▶ **Material for this exercise**:
##########

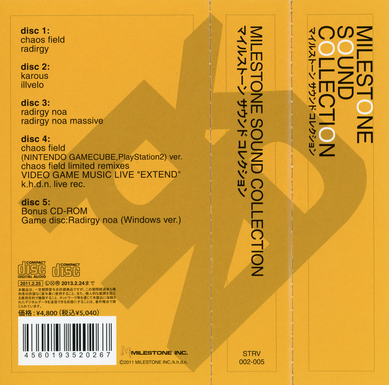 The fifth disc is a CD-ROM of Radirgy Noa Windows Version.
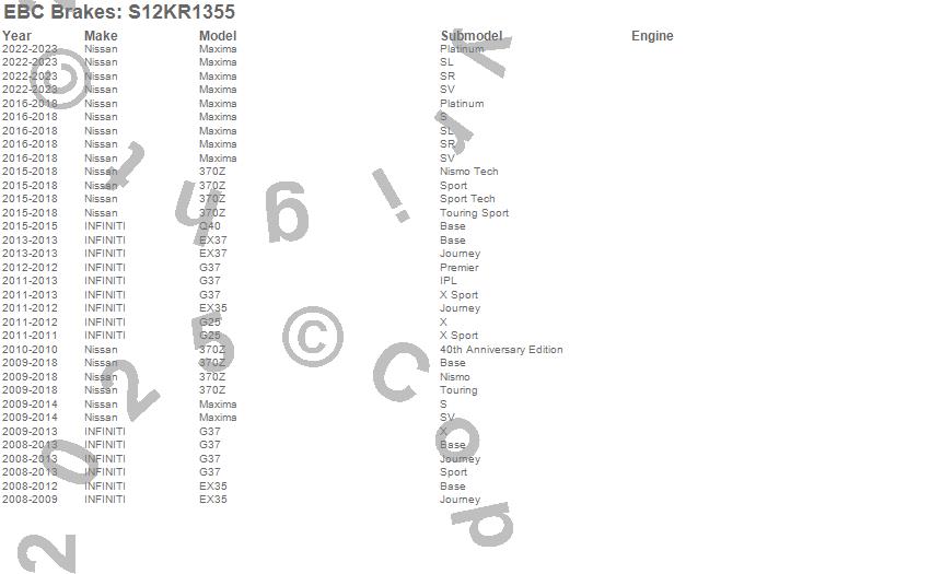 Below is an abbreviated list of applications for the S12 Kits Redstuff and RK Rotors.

##########

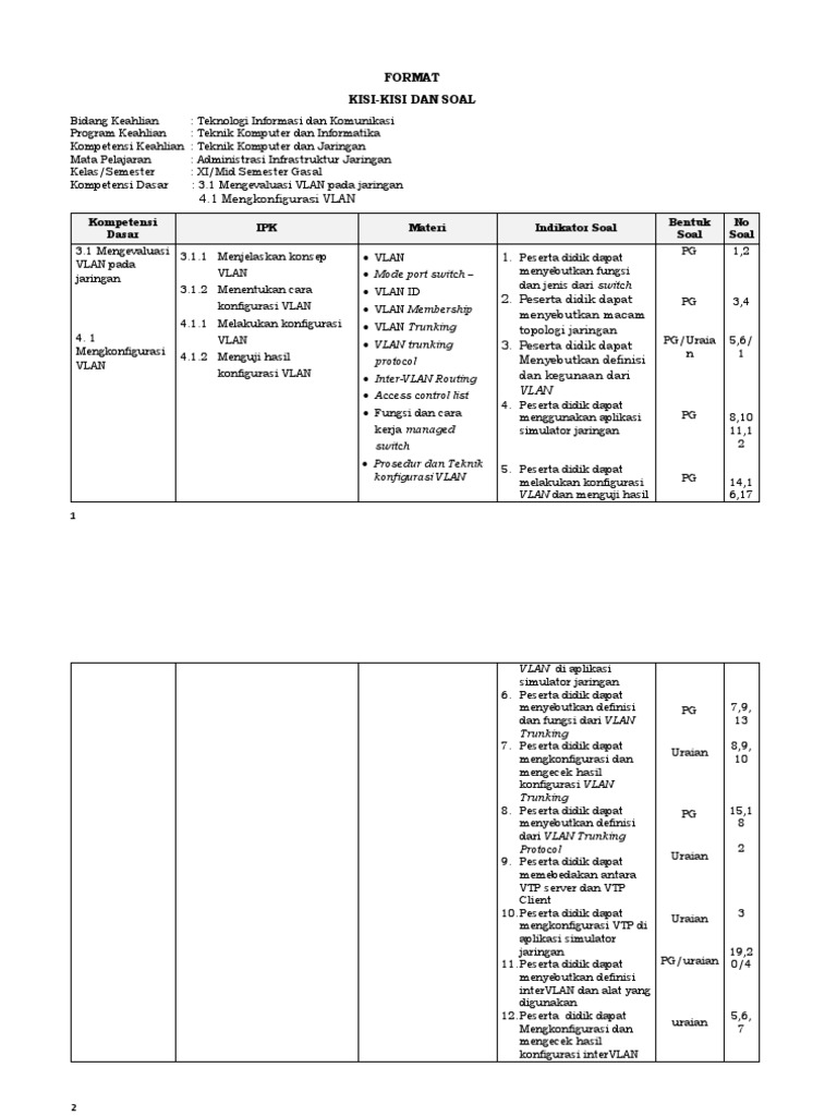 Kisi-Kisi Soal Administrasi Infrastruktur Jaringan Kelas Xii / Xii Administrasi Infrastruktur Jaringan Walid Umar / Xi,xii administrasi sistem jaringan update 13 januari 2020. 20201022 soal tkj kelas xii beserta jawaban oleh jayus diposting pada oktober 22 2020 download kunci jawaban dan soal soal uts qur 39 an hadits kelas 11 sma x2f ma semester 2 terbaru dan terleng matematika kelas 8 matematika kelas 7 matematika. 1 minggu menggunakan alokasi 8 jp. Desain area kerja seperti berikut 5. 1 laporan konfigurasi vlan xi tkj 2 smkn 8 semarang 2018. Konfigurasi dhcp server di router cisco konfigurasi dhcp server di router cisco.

##########

▶ **Instructions for the task**: Reproduce exactly the lines above that run from the one with "The fifth disc" to the one with "Below is an", both included, leaving pictures out.

▶ **Response to this exercise**:
 The fifth disc is a CD-ROM of Radirgy Noa Windows Version.
 Below is an abbreviated list of applications for the S12 Kits Redstuff and RK Rotors.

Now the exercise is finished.